____ Records for the task

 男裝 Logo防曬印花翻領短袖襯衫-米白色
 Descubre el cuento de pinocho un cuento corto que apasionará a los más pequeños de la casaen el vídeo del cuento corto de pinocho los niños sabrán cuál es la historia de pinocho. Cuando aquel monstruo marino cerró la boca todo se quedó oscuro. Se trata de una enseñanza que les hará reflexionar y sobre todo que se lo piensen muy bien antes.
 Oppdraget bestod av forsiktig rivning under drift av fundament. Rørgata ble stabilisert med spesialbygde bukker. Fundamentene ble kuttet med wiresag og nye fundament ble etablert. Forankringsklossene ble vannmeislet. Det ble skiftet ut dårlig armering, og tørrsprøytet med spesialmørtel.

________
____ Records for the task

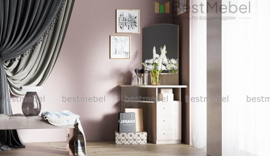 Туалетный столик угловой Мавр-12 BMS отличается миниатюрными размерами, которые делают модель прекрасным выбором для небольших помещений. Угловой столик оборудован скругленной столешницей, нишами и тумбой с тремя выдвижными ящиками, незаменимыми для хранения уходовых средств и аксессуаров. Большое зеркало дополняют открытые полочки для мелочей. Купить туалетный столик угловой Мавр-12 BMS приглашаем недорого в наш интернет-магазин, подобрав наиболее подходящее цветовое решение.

________
____ Records for the task

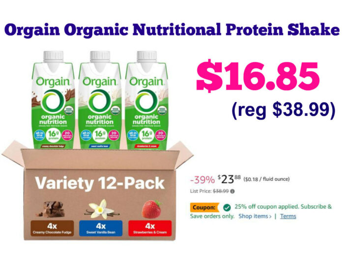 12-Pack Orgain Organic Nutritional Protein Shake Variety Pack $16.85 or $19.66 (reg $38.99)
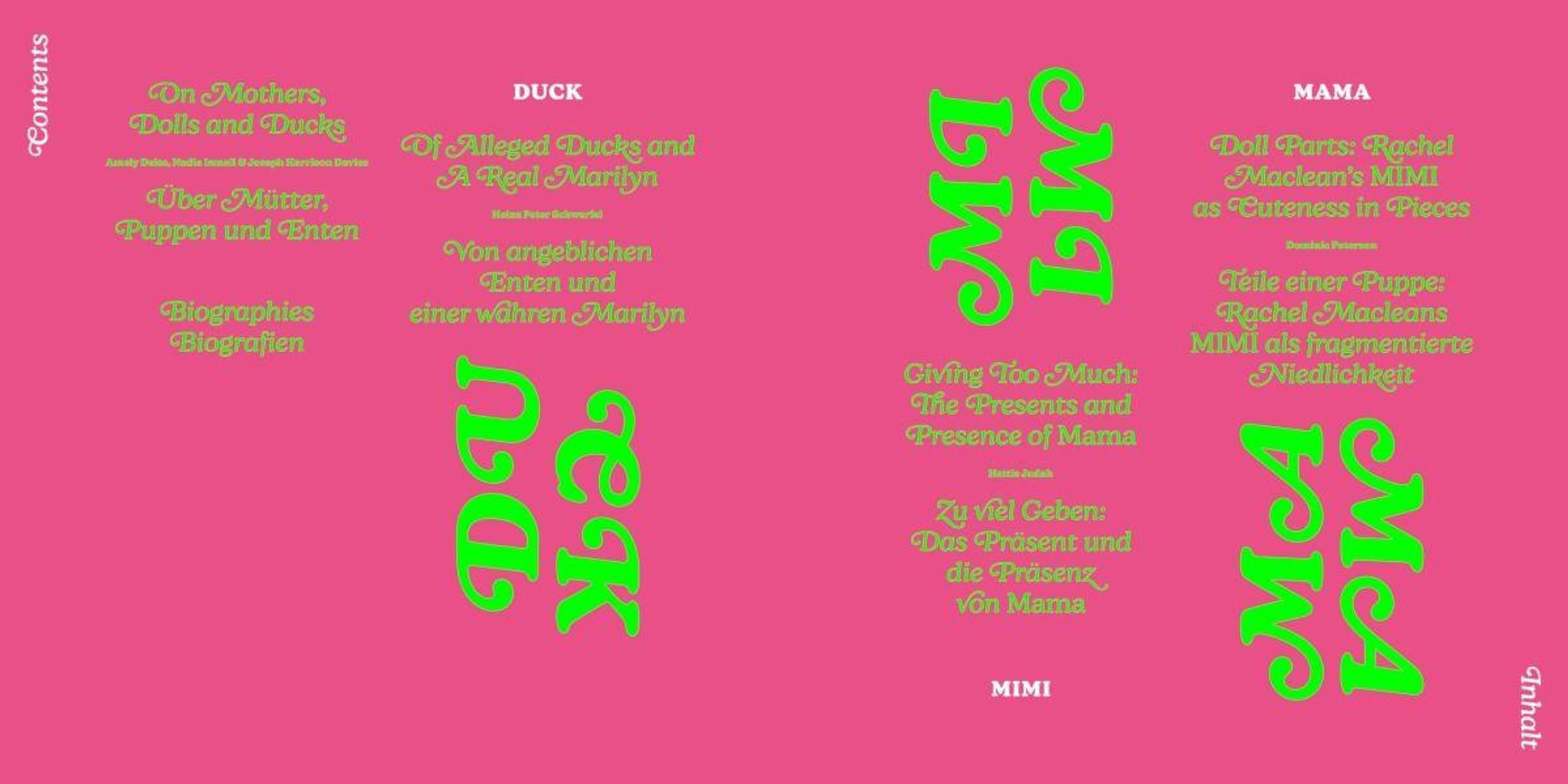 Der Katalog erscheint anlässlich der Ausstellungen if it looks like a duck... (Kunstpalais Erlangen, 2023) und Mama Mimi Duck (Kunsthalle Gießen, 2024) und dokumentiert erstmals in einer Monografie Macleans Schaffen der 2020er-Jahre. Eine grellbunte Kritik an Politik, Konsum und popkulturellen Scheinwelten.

________

- **Task details**
Of the lines above, extract only those from the line with "男裝 Logo防曬印花翻領短袖襯衫-米白色" to the line with "Oppdraget bestod av", both included, exactly as written.

- **Solved problem**
 男裝 Logo防曬印花翻領短袖襯衫-米白色
 Descubre el cuento de pinocho un cuento corto que apasionará a los más pequeños de la casaen el vídeo del cuento corto de pinocho los niños sabrán cuál es la historia de pinocho. Cuando aquel monstruo marino cerró la boca todo se quedó oscuro. Se trata de una enseñanza que les hará reflexionar y sobre todo que se lo piensen muy bien antes.
 Oppdraget bestod av forsiktig rivning under drift av fundament. Rørgata ble stabilisert med spesialbygde bukker. Fundamentene ble kuttet med wiresag og nye fundament ble etablert. Forankringsklossene ble vannmeislet. Det ble skiftet ut dårlig armering, og tørrsprøytet med spesialmørtel.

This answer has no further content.